A dog, or any other animal, is considered personal property, and personal property is divided between the parties pursuant to the equitable distribution provisions of Florida law. This means that there will be no fighting over custody and visitation privileges with the family pet.
The trial judge in Bennett v. Bennett, 20 Fla. L. Weekly, D225a didn’t see it this way. The judge who presided over the case initially awarded custody of “Roddy”, the family dog, to the husband, subject to alternating weekend visitation privileges for the wife. The ruling created a never ending stream of conflict between these two parties.

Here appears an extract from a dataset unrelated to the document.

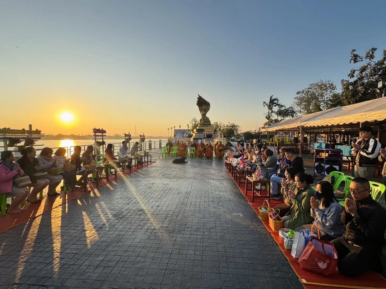 8. ลานพญาศรีสัตตนาคราช จังหวัดนครพนม ตั้งอยู่ริมฝั่งแม่น้ำโขง เป็นแลนด์มาร์คแห่งศรัทธาและความเชื่อของชุมชนลุ่มน้ำโขง กิจกรรมตักบาตรรับปีใหม่ ณ บริเวณแห่งนี้ สะท้อนความผูกพันระหว่างพระพุทธศาสนากับความเชื่อเรื่องพญานาคในฐานะผู้พิทักษ์พระพุทธศาสนาและลุ่มน้ำโขง สร้างบรรยากาศแห่งความศรัทธา ความอุดมสมบูรณ์ และความเป็นสิริมงคลแก่ผู้ร่วมกิจกรรม
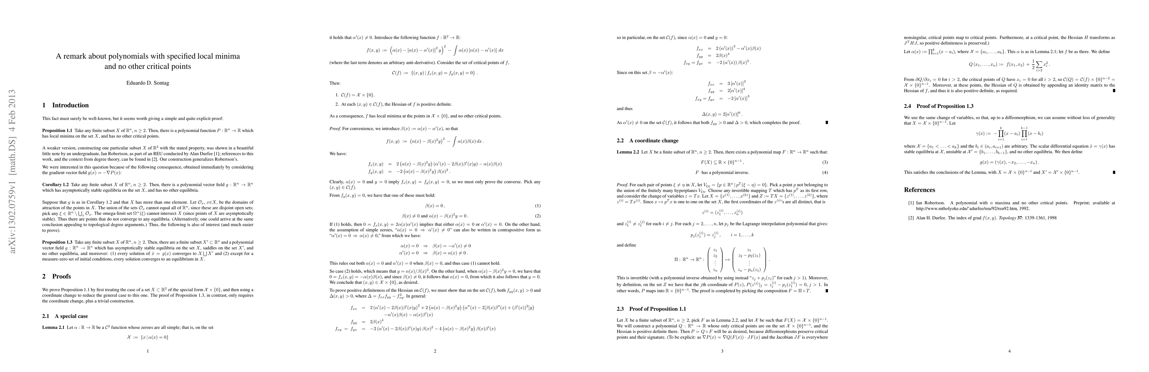 The following observation must surely be "well-known", but it seems worth giving a simple and quite explicit proof. Take any finite subset X of Rn, n>1. Then, there is a polynomial function P:Rn -> R which has local minima on the set X, and has no other critical points. Applied to the negative gradient flow of P, this implies that there is a polynomial vector field with asymptotically stable equilibria on X and no other equilibria. Some trajectories of this vector field are not pre-compact; a complementary observation says that, again for arbitrary X, one can find a vector field with asymptotically stable equilibria on X, no other equilibria except saddles, and all omega-limit sets consisting of singletons.

On appeal, the decision was reversed. The appellate court explained that a dog, or any other animal, is allocated to one party or the other as part of the equitable distribution of the marital assets. The pet is considered personal property, and there is no provision under Florida law to order either custody or visitation rights of a family pet.
Several cases on record establish this principal of law. Two that come to mind are County of Pasco v. Riehl, 620 So2d 229 (Fla. 2d DCA 1993) and Levine v. Knowles, 197 So2d 329 (Fla 3d DCA 1967). Perhaps it would be a good idea for married couples to have two dogs, one for each of them, in the event of a divorce.